The Aykroyd family continued to develop the garden and often opened it to the public. A newspaper of 1937 contained a detailed description of the grounds. Some of the report is as follows.

An air of immense well-being characterises the extensive grounds which surround Grantley Hall, the home of Sir William Aykroyd. The timber is well cared for; the lawns smooth, level, unmarred by weeds; the rock garden is full of rare and beautiful plants and even the Golden Orfe in its pools have an exceptionally sleek and prosperous look.

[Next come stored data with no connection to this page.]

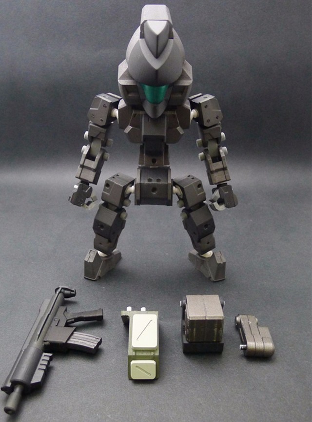 配件一覽,步槍、右腿裝甲、彈藥箱以及連接臂。
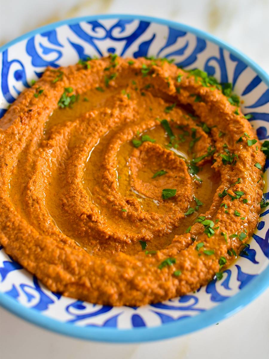 Muhammara is such a treat: roasted red peppers (which you can buy all set in a jar), toasted walnuts, panko, pomegranate molasses, garlic, and more. Watch it disappear!
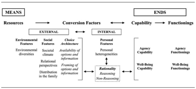 Converting resources into valued states requires choice and reason (Garcés, 2020b; Garcés-Velástegui, 2020). These are the elements composing the CA’s notion of human agency. Sen (1999) regards the latter as bringing about change and judging this change and its underlying preferences. While the first element points to the significance of freedom, the second signals the relevance of rationality. Both, as part of one notion, suggest the dynamics and interdependence of the component of agency. Thus, by placing people at the locus of attention, the CA provides an account of human beings and their agency, which is why the framework has also been said to be ‘agency-oriented’ (Sen, 1999).
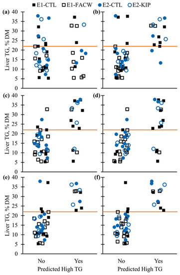 Maximum observed liver tissue triglyceride (TG) content versus High TG status prediction during block cross-validation of sparse partial least squares—discriminate analysis models using blood energy metabolite, protein, and mineral biomarkers. Models used single timepoint (ST, n = 52 cows) or longitudinal blood sampling (LT, n = 47 cows): (a) ST 3 days in milk (DIM), (b) ST 7 DIM, (c) ST 14 DIM, (d) ST 14 DIM without haptoglobin data, (e) LT, and (f) LT without 1 DIM data. Symbols refer to a cow’s original dietary treatment blocks for experiment 1 (control, E1-CTL; fermented ammoniated condensed whey supplementation, E1-FACW) and experiment 2 (control, E2-CTL; ketosis induction protocol, E2-KIP). The orange line represents the observed liver TG % dry matter (DM) threshold for high TG classification (liver TG > 22.0% DM).
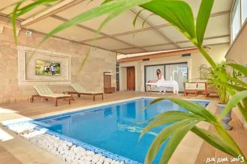 במתחם בריכת שחיה מחוממת ומקורה המתאימה לכל עונות השנה. הבריכה גדולה, מרשימה ומעוצבת ברמה גבוהה ביותר – אם אלו האדים החמים בחורף, רצפת הפסיפס וחלוקי הנחל, מיטות השיזוף ופינות הישיבה, מסך הטלוויזיה, שולחן הפינג פונג וכמובן הנוף המרהיב.
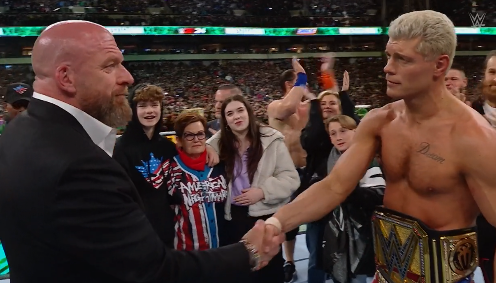 Post Match: Cody brings out Bruce Pritchard and Triple H to celebrate with him. This does feel like a new era. It’s nice to see so many happy smiling faces in the ring at the end of Wrestlemania. This feels like a win for wrestling. So often the guy who wins the main event at Wrestlemania ends up standing alone in the ring, hogging the spotlight. This feels so totally different.
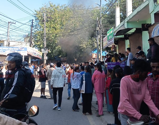सिमरा — सिमरा विमानस्थल क्षेत्रमा बुधबार जेन–जी समूहको प्रदर्शन तीव्र बनेपछि स्थिति तनावग्रस्त बनेको छ। एमाले महासचिव शंकर पोखरेल र पोलिटब्युरो सदस्य महेश बस्नेतलाई प्रवेश रोक्न प्रदर्शनकारीले विमानस्थल छिर्ने मार्गमा टायर बालेर अवरुद्ध गरेका छन्।
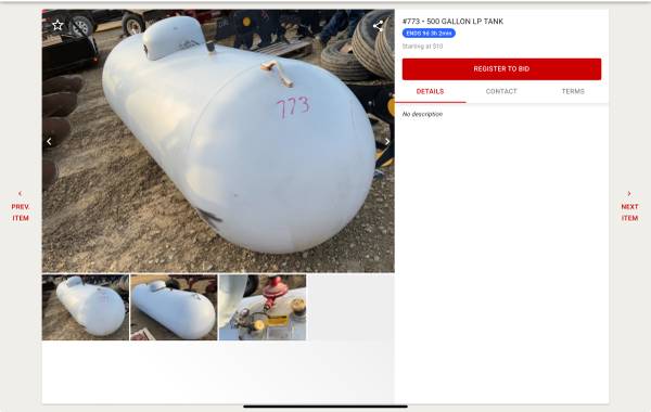 Selling at Graves November 30th online auction 500 gallon propane tank https://gravesonlineauctions.bidwrangler.com/ui/auctions/152401/22326424
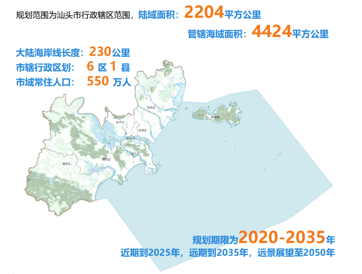 规划范围为汕头市行政辖区范围,陆域面积:2204平方公里;管辖海域面积4424平方公里;大陆海岸线长度:230公里;市辖行政区划:6区1县;市域常住人口:550万人。
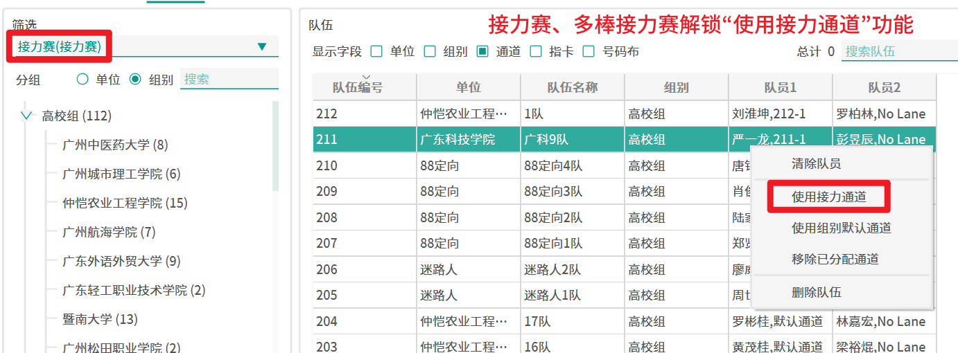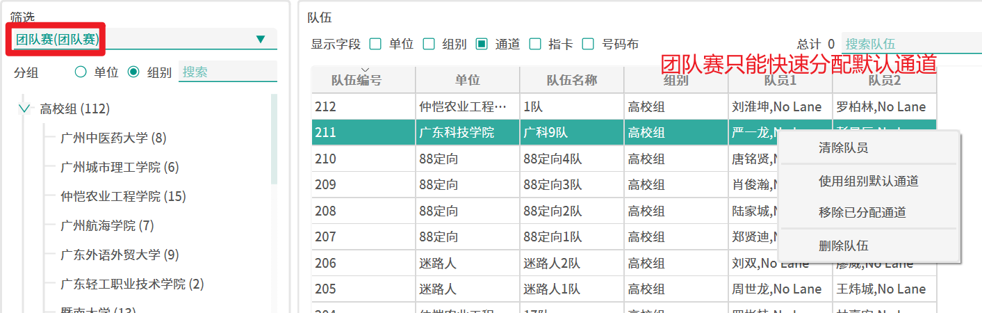 在队员列多选右键,会弹出通道便捷控制选项,包含使用接力通道(仅限接力赛)、使用组别默认通道移除已分配通道清除队员这些操作。
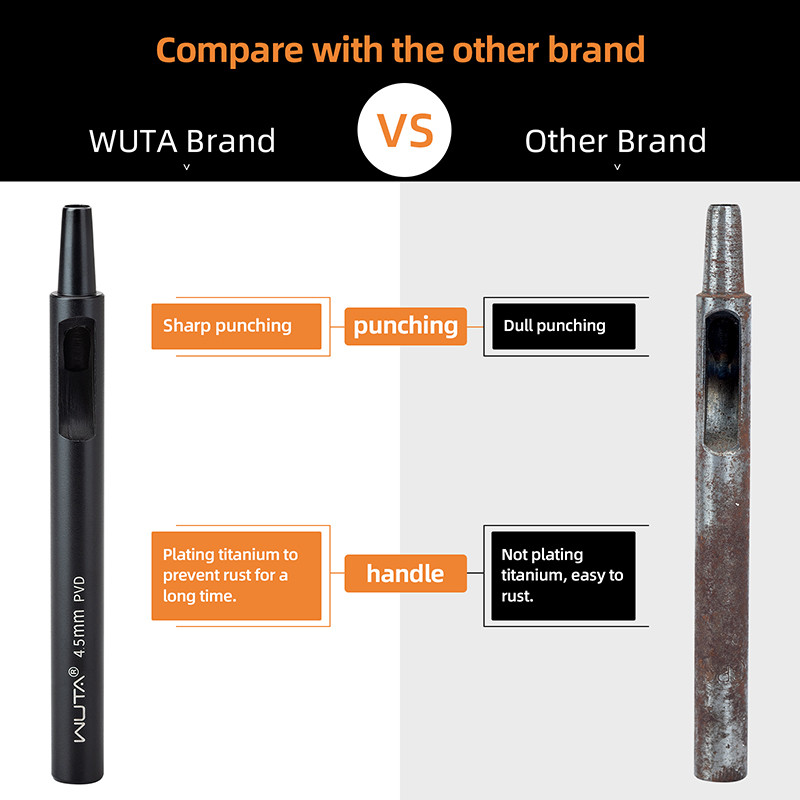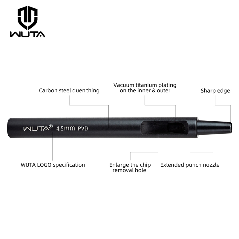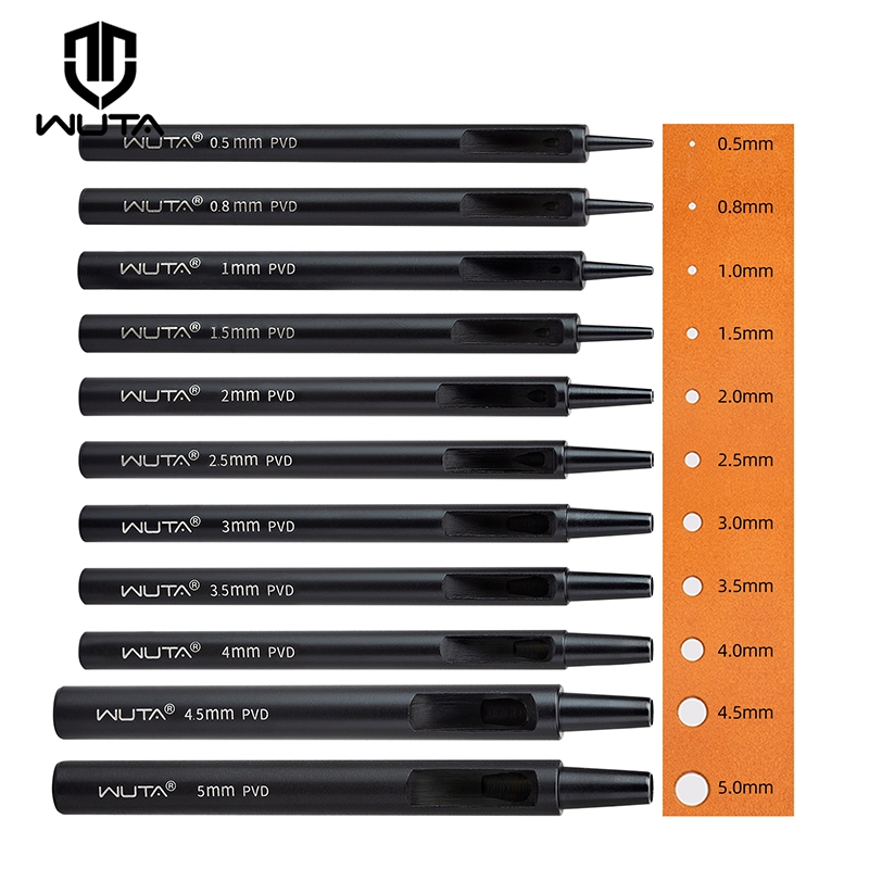 WUTA ที่เจาะหนัง หมัดกลม เครื่องมือเจาะป้องกันสนิมไทเทเนียมสีดำ เหมาะสำหรับเจาะสายหนัง เครื่องมืองานฝีมือ DIY Leather Hollow Puncher
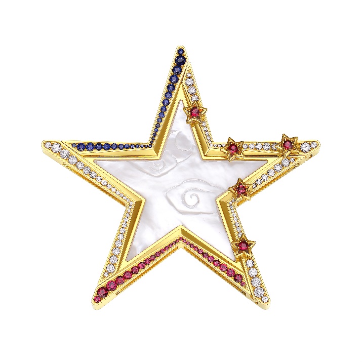 作為本次發(fā)布會(huì)主角,周大福17916系列新品“宸”曾作為第11屆“法國圣埃蒂安國際設(shè)計(jì)雙年展”參展作品,在世界舞臺(tái)上綻放過光芒。“五角星”的造型融入了法國國旗藍(lán)、白、紅三色和中國國旗的五角星元素,代表了中法兩國的交流與合作,雙方希望通過宸這樣意義深遠(yuǎn)的產(chǎn)品,見證和促進(jìn)兩國的和平發(fā)展與經(jīng)濟(jì)交流。“宸”以北極星為靈感來源,寓意點(diǎn)亮年輕人的生活與夢(mèng)想。別具一格的五角星設(shè)計(jì)藝術(shù)感十足,鉆石與22K金的加持,更讓整個(gè)作品展現(xiàn)出奪目光彩。白貝母項(xiàng)鏈外圈圍以鉆石、寶石,一款三戴,幻化無限魅力。簡潔的五角星造型,干凈有力,猶如夜空中指引前行的明星。
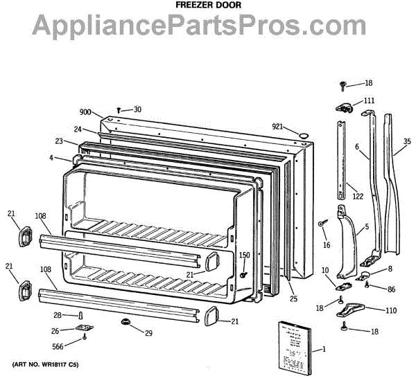 The Freezer Door Gasket is an OEM part for GE refrigerators. This gasket forms a seal around the freezer door, keeping cold air inside and preventing warm air from entering, which helps to maintain the optimal temperature and efficiency of the freezer.
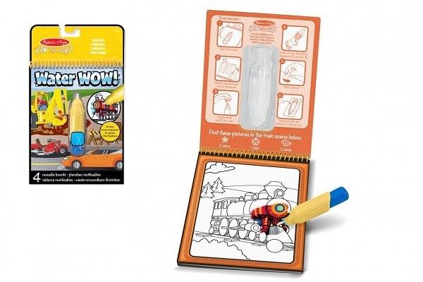Kouzlení vodou Dopravní prostředky - Čisté malování! Tyto "vodní" omalovánky obsahují čtyři znovupoužitelné stránky a znovuplnitelné vodní pero. Použijte vodní pero, jehož tahy se zobrazí živé barvy na jednotlivých obrázcích. Potom nechte stránku usušit a obrázek opět zmizí a znovu se po navlhčení objeví. Vodní pero se snadno drží a vkládá se do úložné schránky na přední straně omalovánky, což činí Water WOW praktickou omalovánkou i pro cestování. Balení obsahuje 4 znovupoužitelné obrázkové plochy z tvrdého kartonu a speciální pero, které se znovu doplňuje vodou. Není určeno jako hračka do vody!
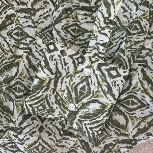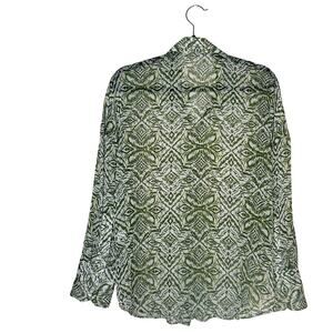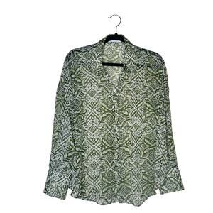 Zara Flowy Lightweight Green and White Abstract Print Long Sleeve Blouse Size S

Sir William and Lady Emma were personal friends of the Royal Family. In 1937 Queen Mary stayed at Grantley Hall accompanied by her daughter Princess Mary and her son in law Lord Harewood. The visit was widely reported in the newspapers and one of these reports is shown.

During the Second World War, Grantley Hall was used as a convalescence home for injured soldiers. A hospital supply depot was formed in the Cathedral Hall in Ripon and Lady Aykroyd was the chairman.

Sir William died in 1947 and Grantley Hall was sold to the West Riding County Council.

==History from 1947 to 2015==
West Riding County Council ran the hall as a residential adult education centre, with week-long and weekend courses on offer. In 2006 the property was sold to a private purchaser for residential use. After a period of limited use. The property was left largely untouched for nearly a decade before being purchased in 2015 by the Sykes family, and planning permission was granted for conversion of the building into a 50 bedroom hotel.

==Hotel==
The current owner bought the house in 2015 and opened Grantley Hall as a "luxury hotel and wellness retreat" in July 2019. It was named the "Best Countryside Hotel in the UK" and "Best Service in the UK" by Conde Nast in 2023.